В четырнадцатом году при Танненберге бешеный огонь русских трехдюймовок в считанные секунды выкосил весь его взвод – каждый снаряд нес четверть тысячи шрапнельных пуль. Одна из них аккуратно срезала ему пол-уха и, попав в череп, хорошо перетрясла мозги, настолько, что Альфред едва не отправился в приют к душевнобольным. Однако, в конце концов солдат отделался лишь заиканием и с тех пор общался фразами не более двух-трех слов в каждой. В пятнадцатом, уже на западном фронте, в Шампани, после захлебнувшейся контратаки он просидел двое суток в затопленном окопе, в компании с тремя трупами, изрезанный французской колючей проволокой. Полковой врач только развел руками – с тем же успехом можно было самому привить себе какую-нибудь гангрену, но Харнье снова выкарабкался. В шестнадцатом, у Соммы, прямым попаданием «чемодана» его похоронило в блиндаже под восемью метрами земли – спас случайный «карман» из обломков деревянной обшивки. В апреле семнадцатого он попал под обстрел из газометов Ливенса и единственный из всего гарнизона Тьепваля успел натянуть противогаз. Но все же недостаточно быстро и с тех пор был мучим регулярными приступами астмы и кашля. Увечного бойца было списали, но Германия начинала ощущать дефицит обученной пехоты. Харнье остался в строю, и этот год вдобавок наградил его тяжелейшей дизентерией, едва не перешедшей в пеллагру. В восемнадцатом осколок аккуратно выстриг ему четверть ягодичной мышцы, Харнье едва не истек кровью и теперь предпочитал лежать или стоять, но не сидеть.

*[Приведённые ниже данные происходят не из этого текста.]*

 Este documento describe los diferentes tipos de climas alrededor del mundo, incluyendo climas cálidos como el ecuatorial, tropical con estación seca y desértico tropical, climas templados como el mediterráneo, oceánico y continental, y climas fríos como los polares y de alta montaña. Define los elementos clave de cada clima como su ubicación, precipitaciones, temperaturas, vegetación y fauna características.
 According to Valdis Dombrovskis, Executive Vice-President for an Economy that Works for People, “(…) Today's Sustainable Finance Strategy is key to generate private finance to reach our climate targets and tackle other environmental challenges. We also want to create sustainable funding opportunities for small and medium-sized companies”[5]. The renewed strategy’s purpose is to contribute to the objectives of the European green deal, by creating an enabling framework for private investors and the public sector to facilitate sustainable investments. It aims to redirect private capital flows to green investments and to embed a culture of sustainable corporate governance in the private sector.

Как поэтично заметил взводный снайпер-бронебойщик Франциск Рош, походило на то, что строго раз в год Смерть напоминала Альфреду о своем существовании, оставляя отметину на потрепанной шкуре долговязого гранатометчика. Ныне, весной девятнадцатого, Харнье заранее впал в уныние, не без оснований предчувствуя приближение новых больших приключений и неизбежного урона бренной плоти.

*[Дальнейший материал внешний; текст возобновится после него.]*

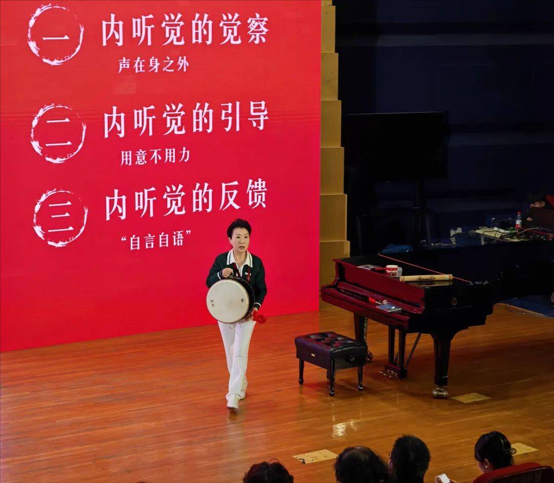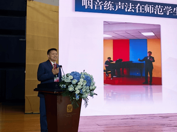 我校校友、福建师范大学林立君教授带来了《美化嗓音 轻松讲课》的专题演讲,她提出“以声悦心、以听导声、以简驭繁”的教学理念,深入剖析了优美嗓音的核心特质,并强调通过建立“内耳听觉”感知通道来科学引导发声。她现场演示了“击鼓共鸣”“甩绸控字”“以动辅唱”等一系列简单、易行的训练方法,将复杂的声乐原理转化为通俗易懂的教学实践,旨在帮助广大师生科学用嗓、美化声音、轻松授课。我校校友、西安音乐学院屈歌副教授带来了《我国戏曲声乐跨学科研究及发展现状》,揭示了科技赋能戏曲声乐的革新路径。他运用声学分析将秦腔等剧种的独特韵味转化为可视化数据,使传统“口传心授”的经验得以科学解构。通过喉镜检测和嗓音矫治技术,为演员提供个性化训练方案,有效解决了倒仓期保护、高音训练等长期难题,为戏曲声乐的传承与发展开辟了科学化、精准化的新维度。

Гранатометчику что-то неразборчиво ответили, кажется, предложили заткнуться. Начиналось утро.

Хейман провел рукой по дощатой стене, нащупывая самодельный выключатель, щелкнул рычажком выструганным из дубовой щепки. Под низким потолком тускло мигнула, постепенно разгораясь, пыльная лампочка.

Культура и цивилизация, подумал Хейман, это вам не рождество первого года войны, где единственным источником света были свечи. Все, одежда, снаряжение, истлевшие одеяла, решительно все было в сальных пятнах, несмотря на стоявшую по колено воду, а от вездесущего свечного запаха в конце концов буквально выворачивало. Скверное было время…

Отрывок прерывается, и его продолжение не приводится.